For each chunk returned (except the last), the inference text we need to show the user is choices.first!.delta.content field value of the OpenAIStreamResponse struct defined in the sample source code and populated by decoding the ChatCompletion chunk JSON string. The value of that field is concatenated to the llmResponse variable.

What else is there to consider? Errors! Specifically errors that can occur at the URL level, and HTTP errors that can be thrown during communications. More on that soon.

How the sample code works

The code using Apple Foundation technology (FoundationChatViewModel.swift) and the Alamofire project (AlamoFireChatViewModel.swift) each follow a fairly similar flow, so I’ll compare the two in parallel when presenting the code flow for making the vLLM inference call.

Note 

Be sure to have the sample code available to use. You’ll want to reference the sample code available from GitHub and set up Xcode to use it. Instructions for this are included in the article appendix.

The sendMessage method, common to both implementations, initiates an inference request. It performs basic error checking before delegating the actual call to the sendLLMRequest method, which handles the specific requirements of Foundation and Alamofire.

The initial step in the inference flow involves constructing the inference request for vLLM. For both implementations, it is crucial to validate the provided URL for the connection and ensure the HTTP request header and body are correctly configured.
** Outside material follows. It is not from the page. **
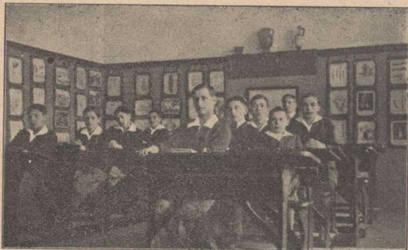
W klasie IV

Rok 1930. Po wieloletniej pracy, po trudach i wysiłkach doprowadzono wreszcie do tego, że prawie wszystkie warsztaty pracy były urządzone, aczkolwiek może jeszcze nie zupełnie, to jednak w takiej mierze, że dawały możliwość do nowoczesnego traktowania nauki. Były zatem czynne: pracownia biologiczna, fizyczna, chemiczna, szklarska i stolarska, dalej sala rysunkowa i salka gimnastyczna. Funkcjonowały: Świetlica uczniowska i biblioteki (nauczycielska, uczniowska polska, niemiecka i francuska). Pomoce naukowe znajdowały się w dostatecznej ilości, aczkolwiek jeszcze nie zadowalającej. Można się było zatem zwrócić w kierunku pogłębiania metod pedagogicznych. I tej to pracy, żmudnej, ale wdzięcznej, a w nowoczesnie pojętej szkole nieodzownej — poświęcone było II półrocze roku szk. 1929/30.

The Foundation implementation encapsulates the HTTP request header and body setup within prepareURLRequest. This function returns a URLRequest to initiate a URL session upon success; otherwise, it throws a foundationAIInferenceError.

Conversely, the Alamofire implementation integrates these activities directly into the sendLLMrequest method. Should any error checks fail during this initial phase, an alamoFireAIInferenceError is thrown.

The next step involves making an HTTP call to the vLLM server. Alamofire streamlines this process, combining the HTTP request header and body setup with the request execution into a single method: streamRequest. The method will return a DataStreamRequest instance that several actions are immediately taken on:

  1. Validation: The HTTP call’s success is validated by a status return code of 200. Any errors will surface during the asynchronous data stream processing.
  2. Resource management: The DataStreamRequest is closed regardless of how the sendLLMrequest method concludes. This prevents memory leaks within the underlying Alamofire implementation, even across numerous inference requests.
  3. Error handling: An alamoFireAIInferenceError.apiError is thrown if an Alamofire API error occurs, terminating the inference request.

In the Foundation implementation, the setupURLSession method manages the HTTP request by creating a URLSession for network data transfer. For our basic streaming REST call, the convenient URLSession.shared singleton can be used. Some might question this, as a limitation of the shared session is its inability to obtain data incrementally. However, because the stream data is returned in chunks adhering to the SSE protocol—part of the HTML Living Standard—that restriction doesn’t apply.

With the HTTP request initiated, I can now proceed with result handling and error verification, starting with HTTP error checking.

For the Alamofire implementation, the code processes streaming strings from the vLLM server that may contain error information, or data to process. Alamofire was a bit confusing here due to a lack of documentation and examples. I implemented basic error checking, but I’m not entirely confident in its perfection. The error checking process involves these steps:

  1. Check the dataStreamRequest.error to see if it contains a non-nil value, and throw an exception if it does. (I never observed this code executing.)
  2. Check to see if the stringStream.completion is not a nil value, and contains a completion error. If it does then throw an error.
  3. Check the string value returned, and see if it starts with an int value, and if that value is one of the known OpenAI error codes. If so, then throw an error.

Error checking was more straightforward for the Foundation implementation because errors and response data could be accessed independently. Potential errors manifest in two stages: initially during the network connection established in setupURLSession, and subsequently as HTTP errors within the sendLLMrequest method. The latter are captured within the for try await line in bytes.lines block of code. In this block, the vLLM server returns JSON-encoded strings containing error information, which are then captured, decoded, and thrown as an foundationAIInferenceError.apiError.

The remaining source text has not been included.